Social distancing doesn’t mean you have to be stuck indoors all the time.
Although you should follow all official health orders and guidelines for your local area, getting into the great outdoors amidst the coronavirus pandemic can be done safely – and there’s simply no denying it’s physical and mental health benefits.
Here’s how to responsibly enjoy social distancing outdoors during Covid-19.
Try Forest Bathing
Start simple. Forest bathing can be practiced by simply stepping outside your front door, although visiting an actual forest is best. This age-old technique is a type of nature therapy focused on slowing down your mind, being present in the current moment, and soaking in the sights, smells, tastes, textures, and sounds of the forest around you. It’s a fantastic way to reduce stress and anxiety.
Start Local, Stay Local
As more outdoor activities open in your state, official guidelines still urge you to stay close to home, ideally within your county, at least for now. Start with quick trips to nearby forests, beaches, and other natural areas close to home. As things continue to reopen, expand to outings that require a single tank of gas roundtrip. This allows you to get out of town but minimize interactions with communities you pass through while traveling.
Have a Plan B (and a Plan C)
The U.S. Forest Service recommends coming up with at least one backup plan before heading out. For example, pick two or three different hikes in the same general area. This way, if one trail is too busy, you have a plan B and a plan C that are likely less so. Don’t be afraid to turn around and head home if all trails are too busy, although NPR claims that outdoor exercise and camping are low risk activities with proper social distancing.

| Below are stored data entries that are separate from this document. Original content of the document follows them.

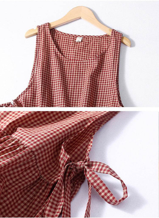 Sleeveless Lace Work Clothes Cotton Linen One-piece Dress - Mubimart
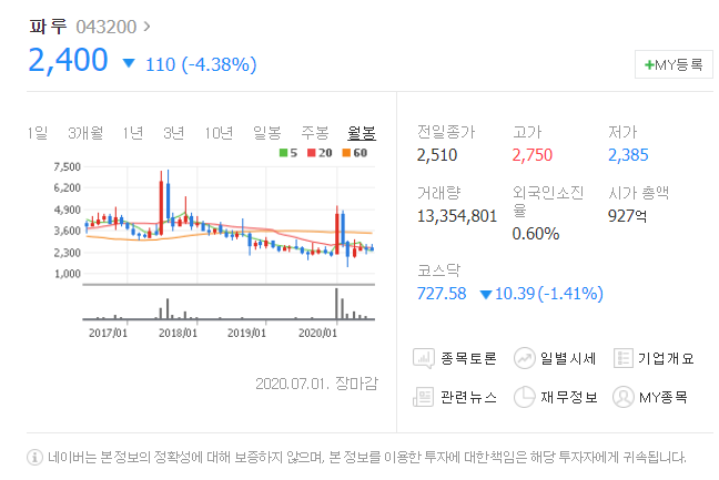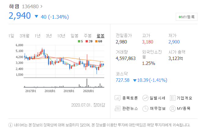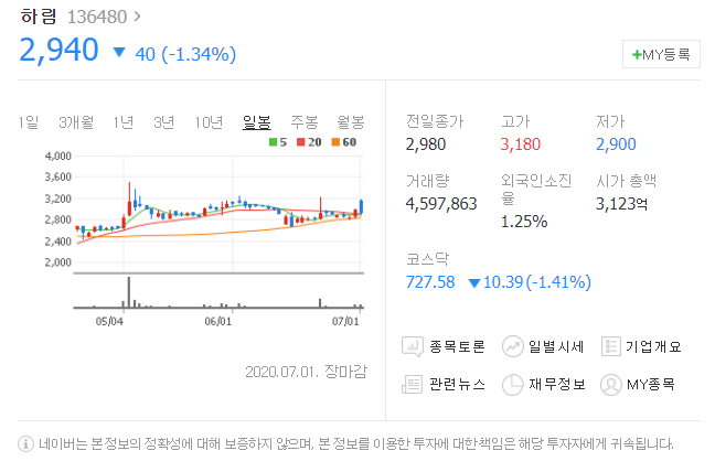 전일대비 40원 하락했으며, 7월 1일 2940원으로 마무리 되었네요.
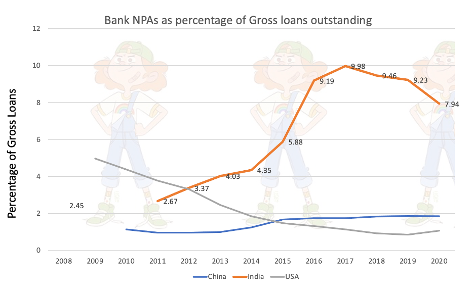 A look at the chart showing percentage of NPAs of to gross loans from the banking sector explains the choking of credit to the real economy 2014, when the NPAs shot up from 4.35% of the loans outstanding to 10% in 2017. They have come down since but are still high at 8% of loans outstanding, making expansion of their balance sheets very difficult.
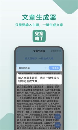 豆拍文案是一款手机端的文案生成工具,能够根据用户输入的关键词或主题,快速生成多种风格的文案内容,整合了丰富的词库和句式模板,支持对生成结果进行二次编辑和调整,将满意的文案直接复制使用或保存到本地收藏夹。
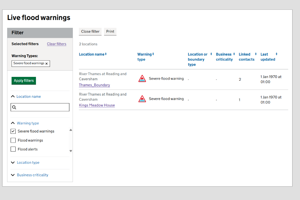 Image 1: Report for live flood warnings showing filter options and print button. Image courtesy of the Environment Agency.
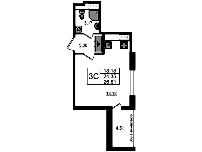 - Площадь24,35 м2
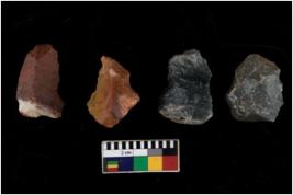 | Description / विवरण | Specimen of a cores with several broad fluted marks and some of them are tapering at one end. |
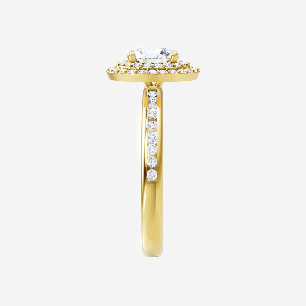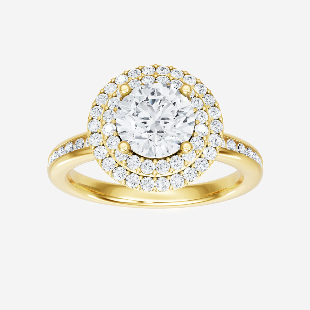 You’ve designed a ring that reflects lasting elegance and grace! Crafted from 18K Yellow Gold, this exquisite Round lab-grown diamond is the centerpiece of this unique design. This Channel Set Shank with a Double Halo head showcases the brilliance of the Round diamond, creating a timeless look. This stunning ring makes the perfect symbol of everlasting love and devotion.
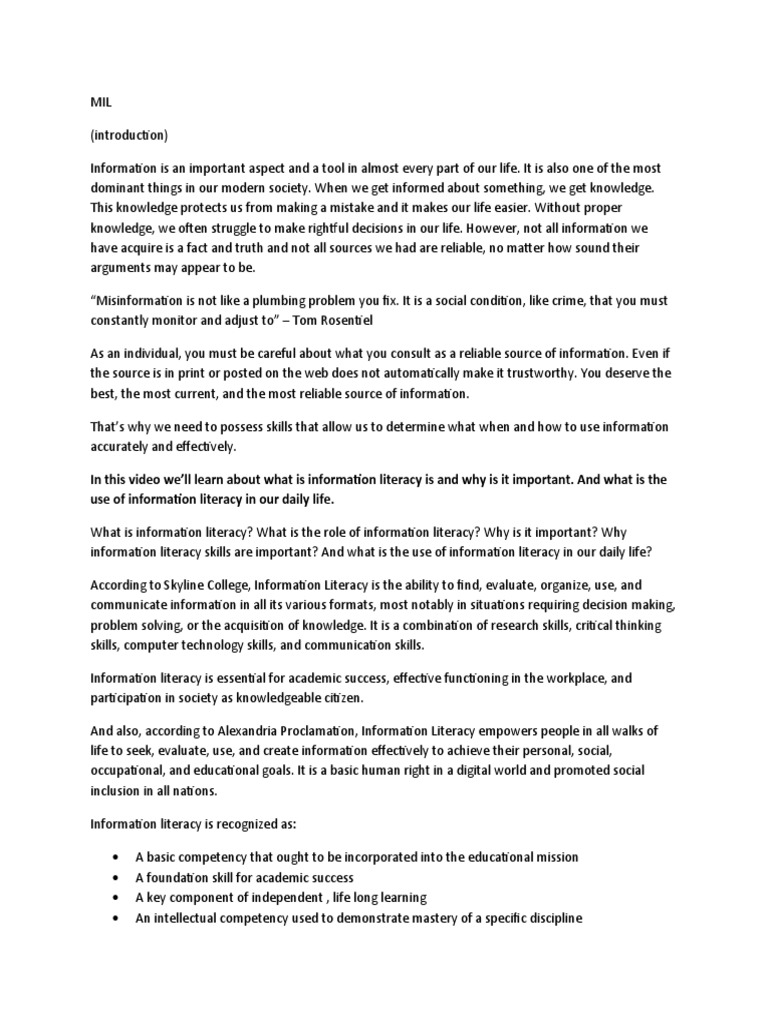 What is information literacy? What is the role of information literacy? Why is it important? Why
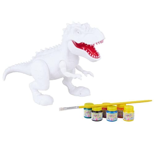 Com o Dinossauro TRex Attack Pintura Adijomar você vai poder pintar da cor que você quiser. Com 6 potes tinta guache de cores diferentes e pincel, você pode personalizar a cor do seu dino de várias formas, Todo o corpo é lavável, podendo criar mais pinturas quantas vezes quiser! Diversão segura e garantida.
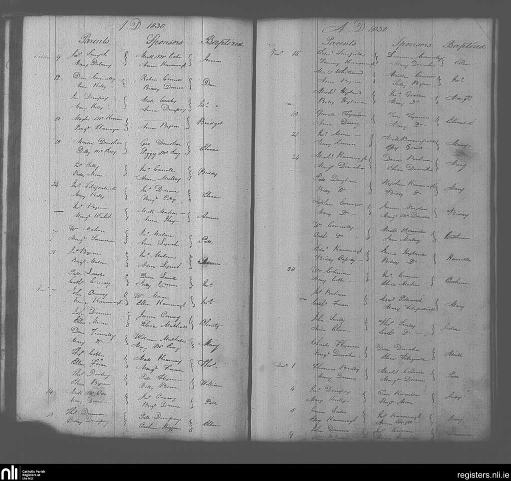 Portarlington; County of Laois, Offaly; Diocese of Kildare and Leighlin. Baptisms, Oct. 1830 to Dec. 1830

Take up solo-outdoor hobbies
Recreate While Following All Official Guidelines
Adhere to all official guidelines in your local area before heading outdoors. Make sure that wherever you plan to go is actually open and welcoming guests. Remember to minimize contact with others and avoid high-touch surfaces. If possible, travel outdoors on a weekday when trails and camping areas might be a little less busy. Safe outdoor recreation is possible but requires a little extra planning during Covid-19.
Go Dispersed Camping
Even as developed campgrounds have closed throughout the ongoing pandemic, dispersed camping has largely remained open on BLM land and in National Forests. Know that this style of wild camping is primitive and without any amenities. So, you’ll need to bring your own water, pack out all of your waste, and know how to go to the bathroom in the woods. RV campers should expect to boondock without any RV hookups. Our guide to dispersed camping has more information.
Bring the Outdoors into Your Home
Depending on what’s happening in your local area and with you personally, staying at home might still be your best bet. Our top tips on how to bring the outdoors into your home shows you how to get your nature fix while staying at home. My favorite method? Backyard camping in my Mock ONE hammock!
Look Ahead to the Future
Even as outdoor recreation opens little by little, this summer will be much different than normal for nature lovers. But know that the outdoors will always be waiting for you. For many people, especially those in high risk categories, it might be best to just stay at home for now. To combat cabin fever during my long days at home, I’ve started to plan out future camping trips and make lists of all my dream camping locations!